RAG CHATBOT

Chat With My Work

API Service

INTRO

What you’re looking at

This is an in-site retrieval-augmented chatbot for my portfolio website.

It’s grounded in a curated, structured knowledge base of my work history and projects. Responses include citations to the exact source chunks used to generate the answer.

I started this project back in the Fall of 2025. I began by building a core library of AI utilities to reuse across a variety of applications.

From there I wired up a FastAPI backend and a Next.js frontend. I explored the different ways to work with the OpenAI API. I had a very basic chatbot working in a couple of hours.

EVOLUTION

Starting small and building up

What started as a simple chat interface quickly evolved into something far more ambitious. I built a RAG template from the ground up, giving users the ability to upload documents, kick off a full parsing pipeline, and configure everything from embedding models to chunk sizes and chunking strategies. This became the foundation of my portfolio chatbot.

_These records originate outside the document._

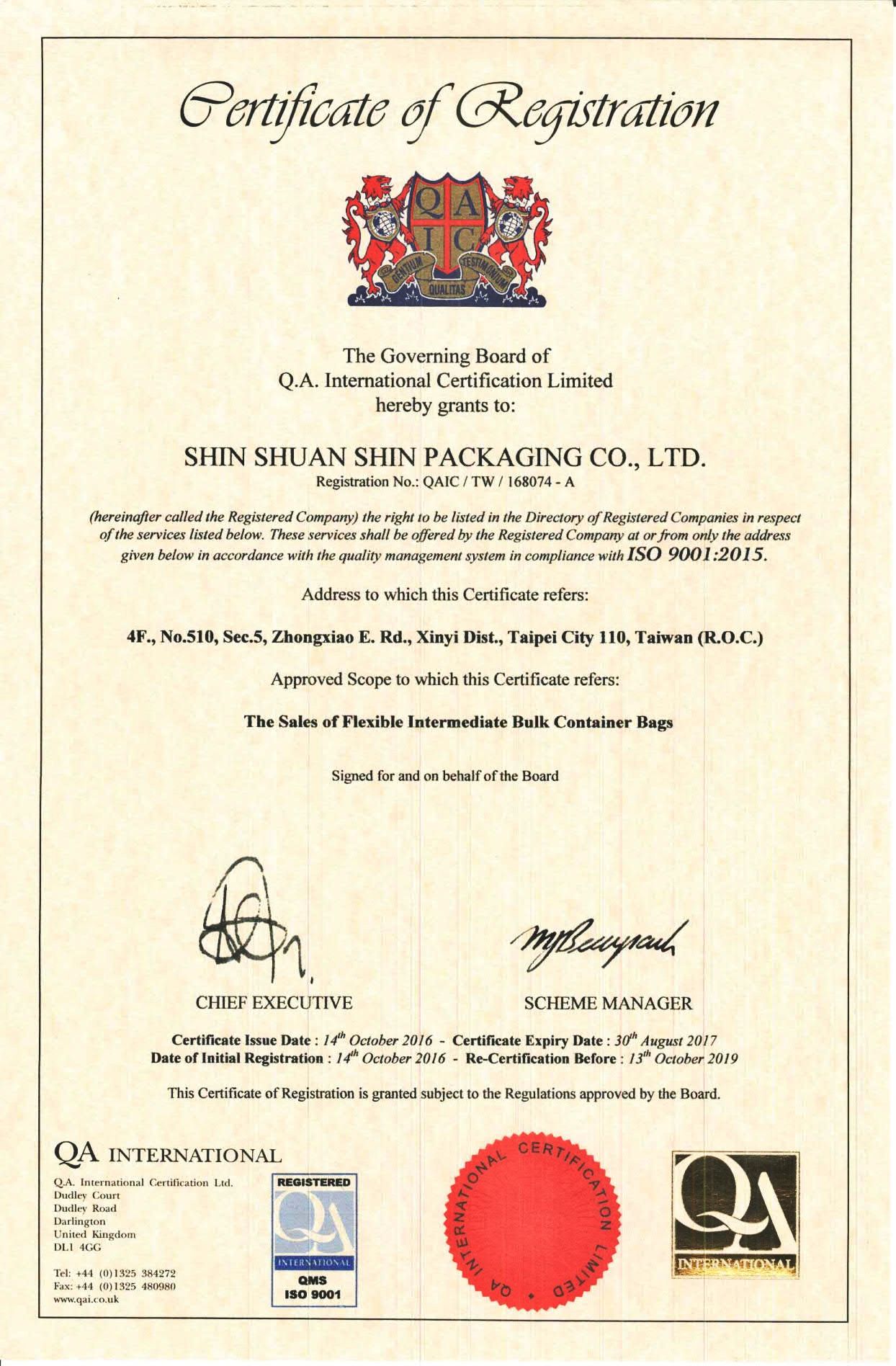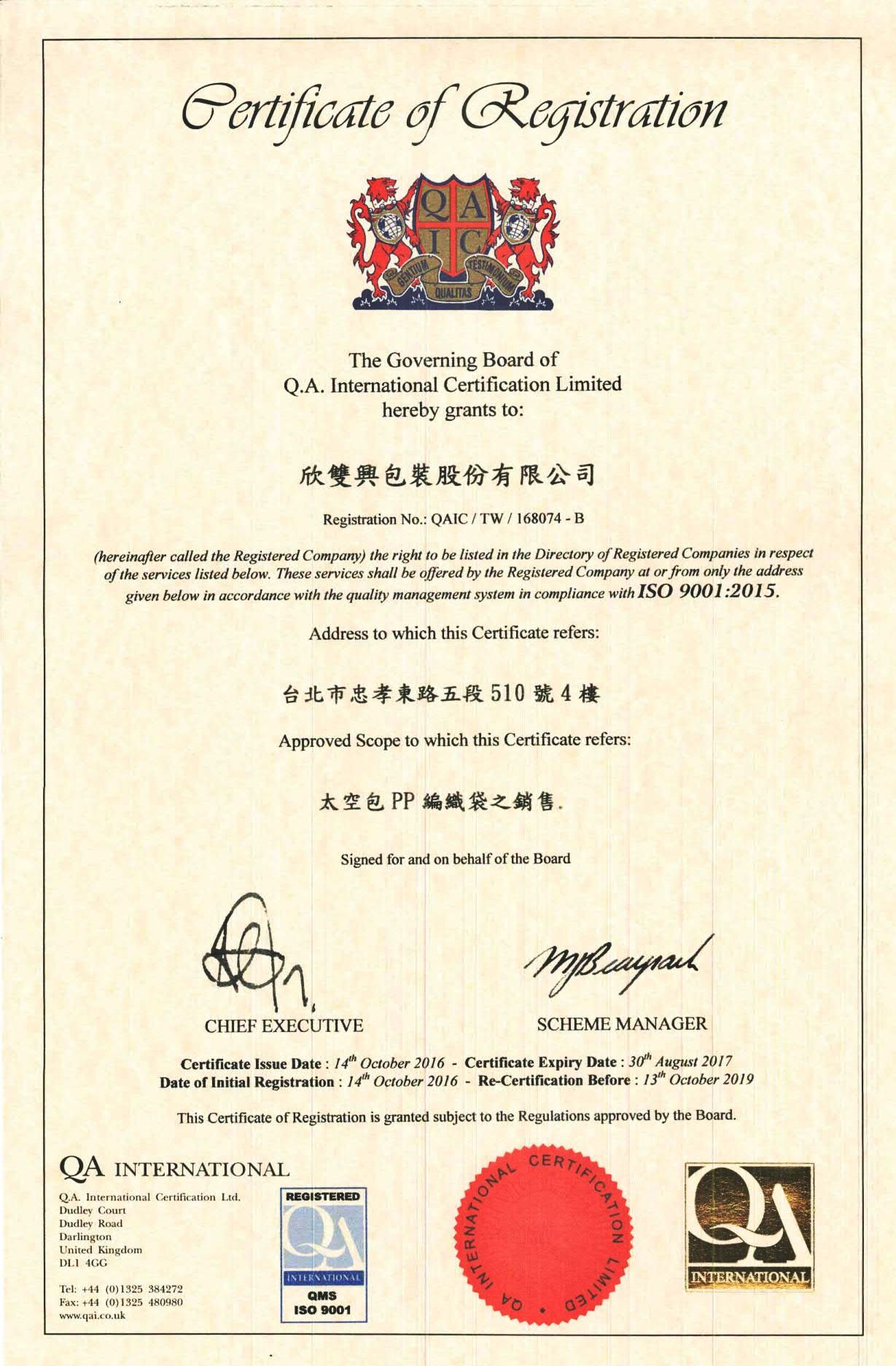 在領導力企管專業顧問輔導下,欣雙興包裝股份有限公司已順利完成 (ISO 9001:2015 品質管理系統(ISO 9001:2015 Quality Management Systems)教育訓練(Training)、系統建置(Implementing)、外部稽核驗證 (Certification)3大實施流程,並且榮獲 QA頒發 ISO 9001:2015 品質管理系統新版證書。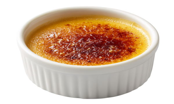 Crème brûlée in a ramekin isolated on transparent background, classic French dessert with caramelized sugar crust, custard treat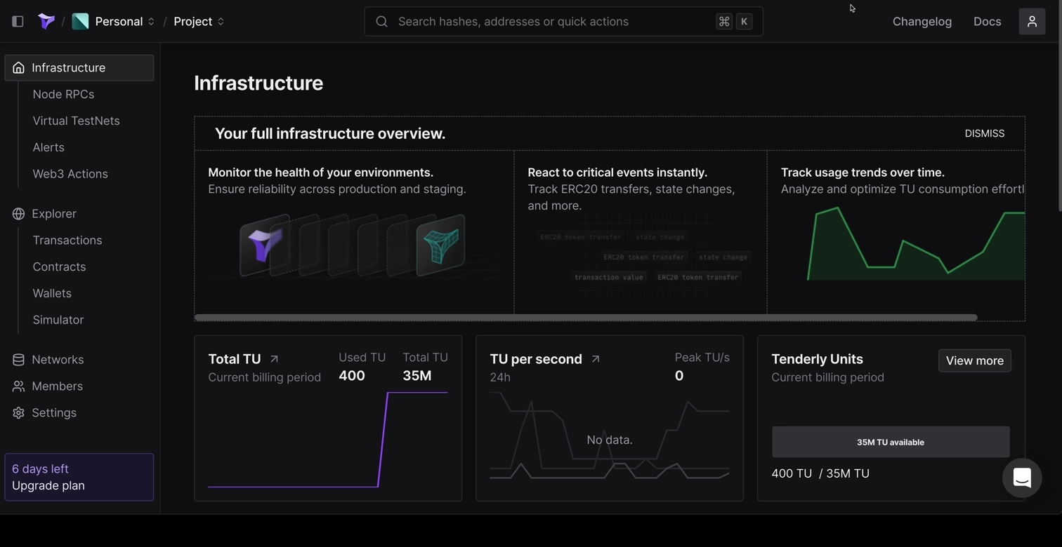 The Tenderly dashboard provides access to the all-in-one Web3 development platform. To get started with the dashboard, you'll need to sign up for an account. Once you've signed up, you'll be able to start exploring your Tenderly dashboard.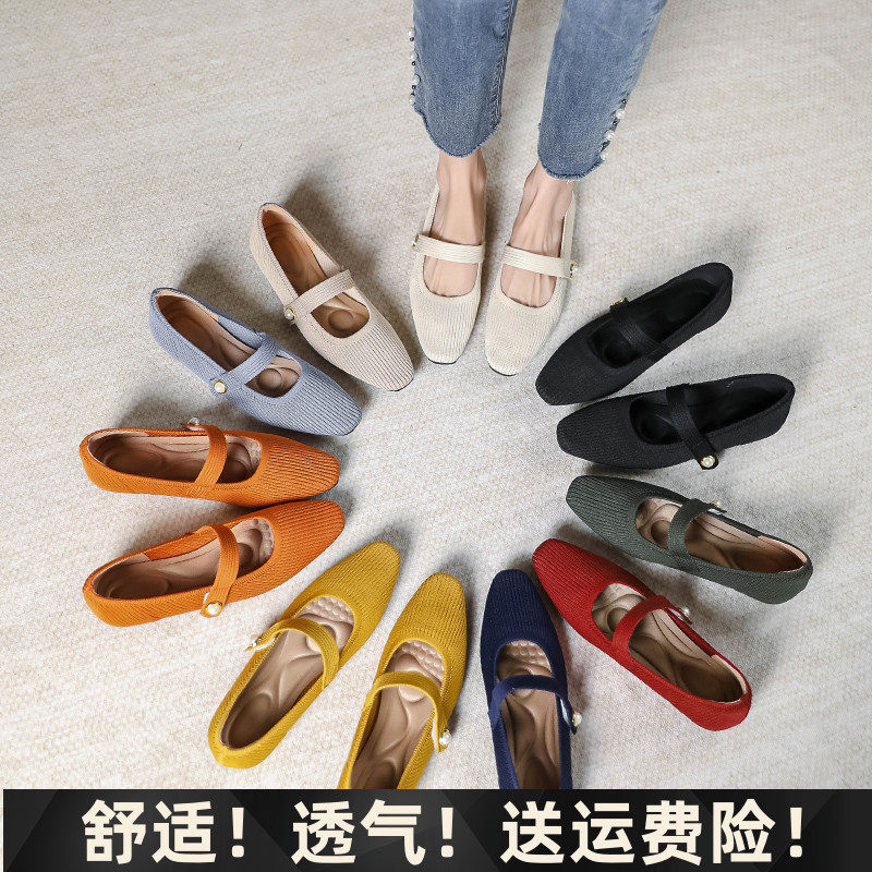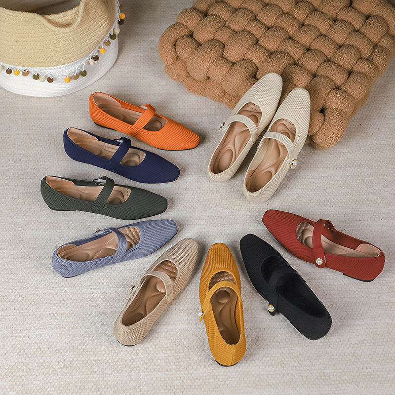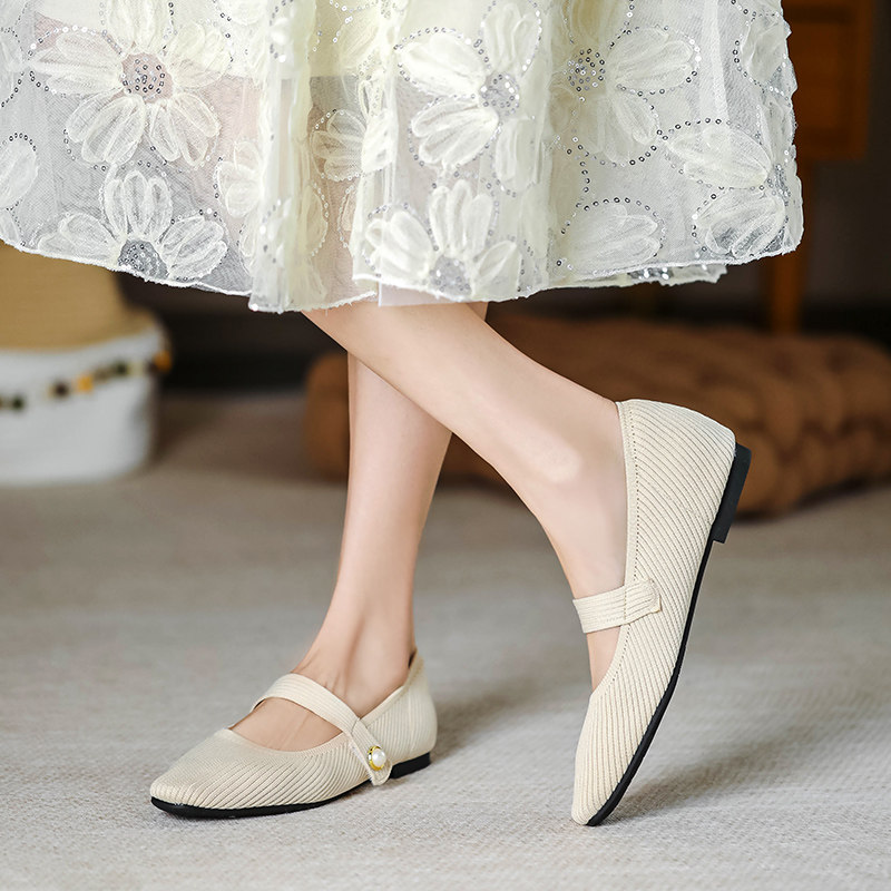 Японская принцесса обувь 2024 принести жемчужную Мэри Жен Жен вязаные туфли легкая рта.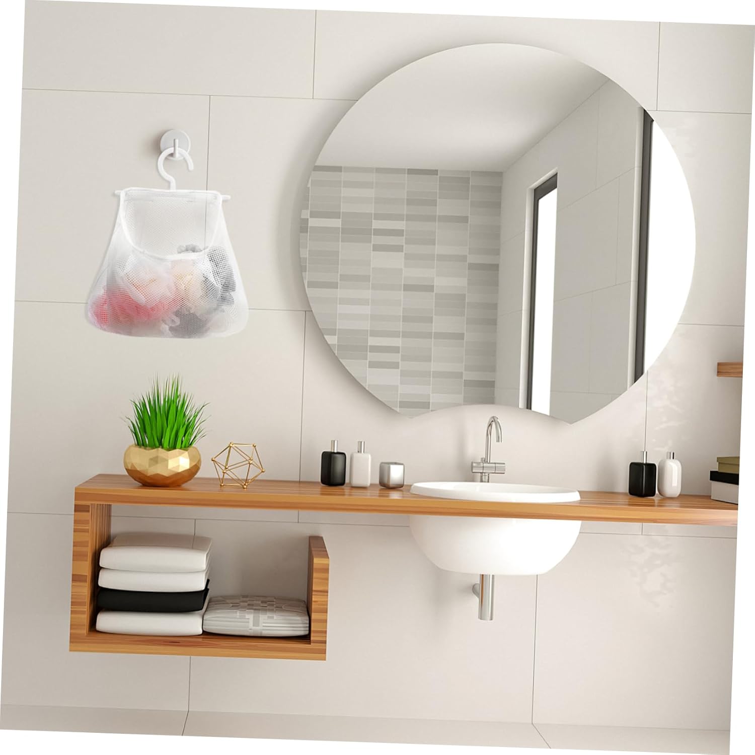 • Vegetable Pouch: Versatile mesh bag: This hanging mesh bag can not only hold clothespins, but also bra, socks, underwear, garlic and onions.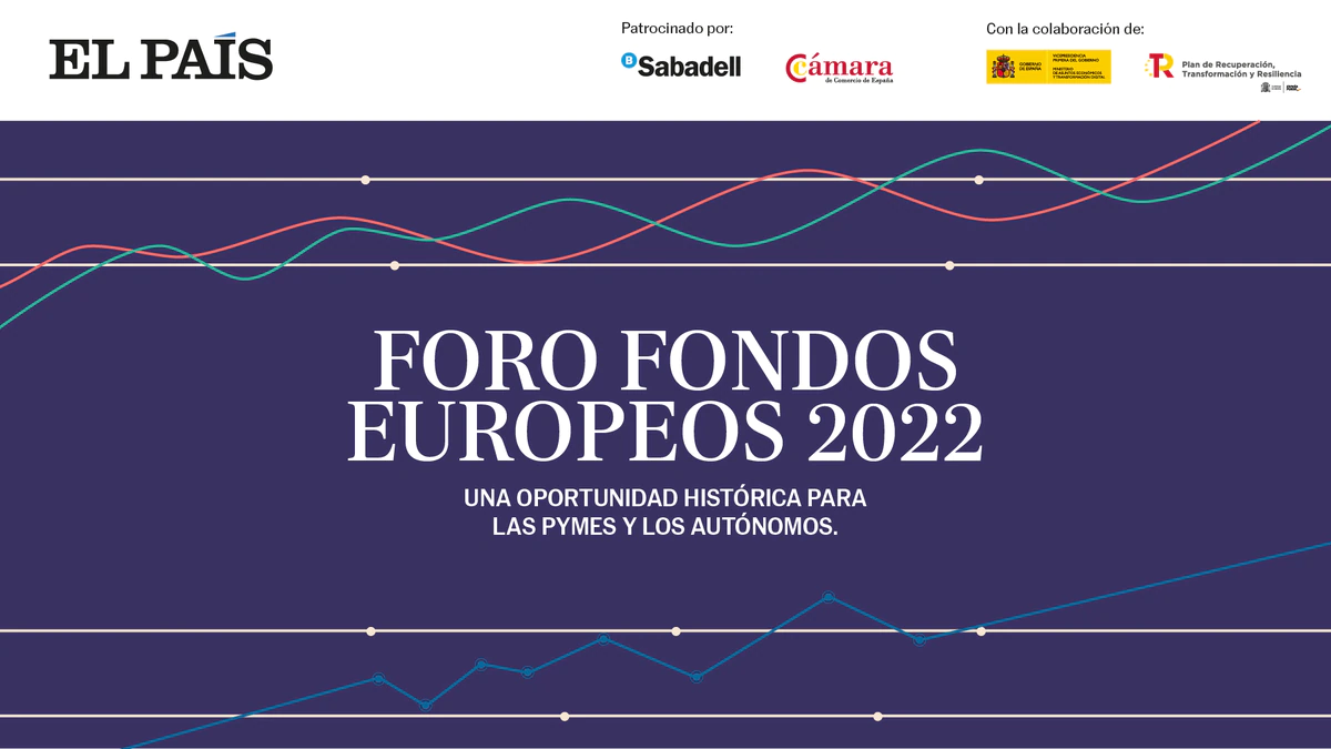 Bajo ese contexto, este lunes EL PAÍS celebrará el encuentro Fondos Europeos 2022: una oportunidad histórica para las pymes y los autónomos en el taller de Ideas de 10:00 a 12:50 horas. El foro, conducido por Javier Ruiz, jefe de Economía de Cadena SER, está patrocinado por Banco Sabadell y la Cámara de Comercio de España, y cuenta con la colaboración del Ministerio de Asuntos Económicos y Transformación Digital. La audiencia lo podrá seguir en directo en la web de EL PAÍS.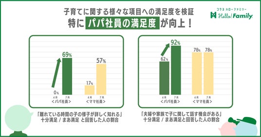 今回のアンケート調査では、子育てに関する様々な項目への満足度を、検証の前後で比較しました。「離れている時間に子どもの様子が詳しく知れる」という項目について、「十分満足」・「まあ満足」と回答したパパママ社員は9%であったのに対し、Hello! Family.導入後は61%と大幅な向上が見られました。パパ社員はついては、検証前は0%だったのに対して、69%に増加しており、ママ社員と比べて、よりポジティブな変化が見られています。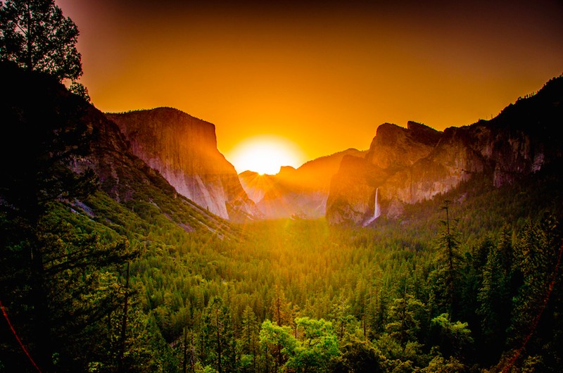 不可错过的壮美日出,整个山谷中不同的观景角度各有千秋。如果想赖床而又想看绝美日出,可以去Yosemite Lodge不远的Sentinel Bridge,横跨Merced River,就可以看着红日从Half Dome的圆顶冉冉升起,倒映在脚下的湖面中,如此美的景色要记得拍照留念哦。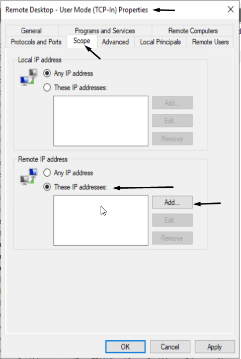- Under “Properties” click on “Scope” within the “Remote IP Addresses” select the column “These Ip Addresses” then click on “Add…”.
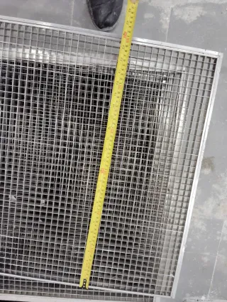 12 unidades de Rejilla metálica para falso techo, con medidas de 60x60 cm. - Material: Metal. - Diseño: Cuadrícula. - Color: acero inoxidable.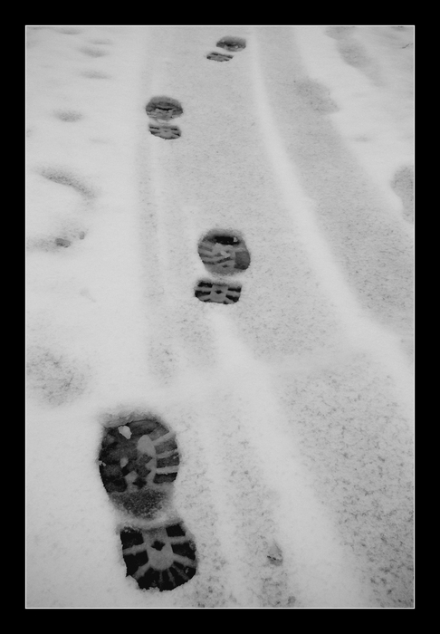 Une très bonne idée, un traitement réussi Une promenade cependant un peu limitée, car pour moi 4 traces de pas ne représentent pas suffisamment l'idée de randonnée. La même, mais avec un point de vue plus "ras du sol", avec une perspective des pas, et tout bon ! Amitiés.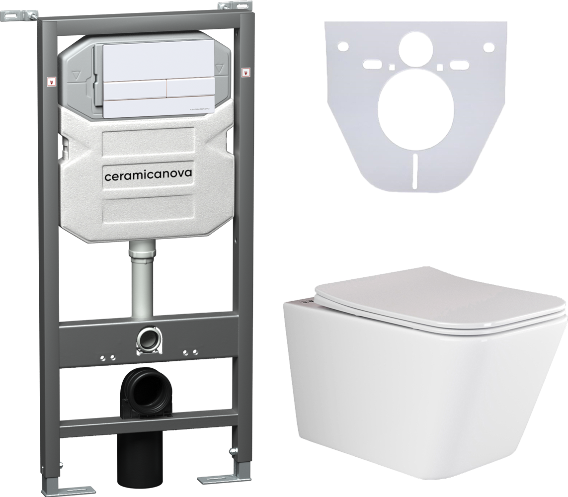 Сет 4 в 1: CN3007_1002W_1000Подвесной унитаз Metric Rimless арт. CN3007Шумоизоляционная панель для инсталляции арт. CN1000Система инсталляции для унитазов CERAMICANOVA Envision с кнопкой смыва Flat цвет белый, креплениями, арт. CN1002W Подвесной безободковый унитаз Ceramica Nova Metric Rimless, крышка микролифт, CN3007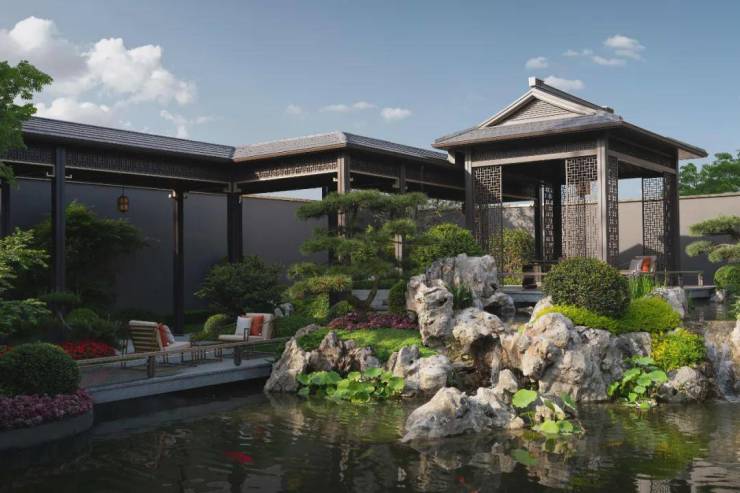 In the center of the clubhouse, a four water return hall full of Chinese charm is designed: the eaves are surrounded on all sides, and stretched pine trees are planted in the middle, carrying the Confucian concept of "unity of heaven and man" in traditional Chinese culture. During the rainy season, water gathers from the eaves on all sides, symbolizing wealth and feng shui, as well as the beautiful wish for family reunion.

To stress-test it, I loaded over 100MB of veterinary textbooks and queried it with a locally run open-source LLM. The cracks showed fast: tables broke the parsing pipeline, and as I layered improvements, the pipeline grew brittle and unpredictable. Cursor kept generating hacky patches instead of reusing existing code, pulling me into a loop of upload → error → patch → new error. I made the deliberate call to revert and rebuild from scratch.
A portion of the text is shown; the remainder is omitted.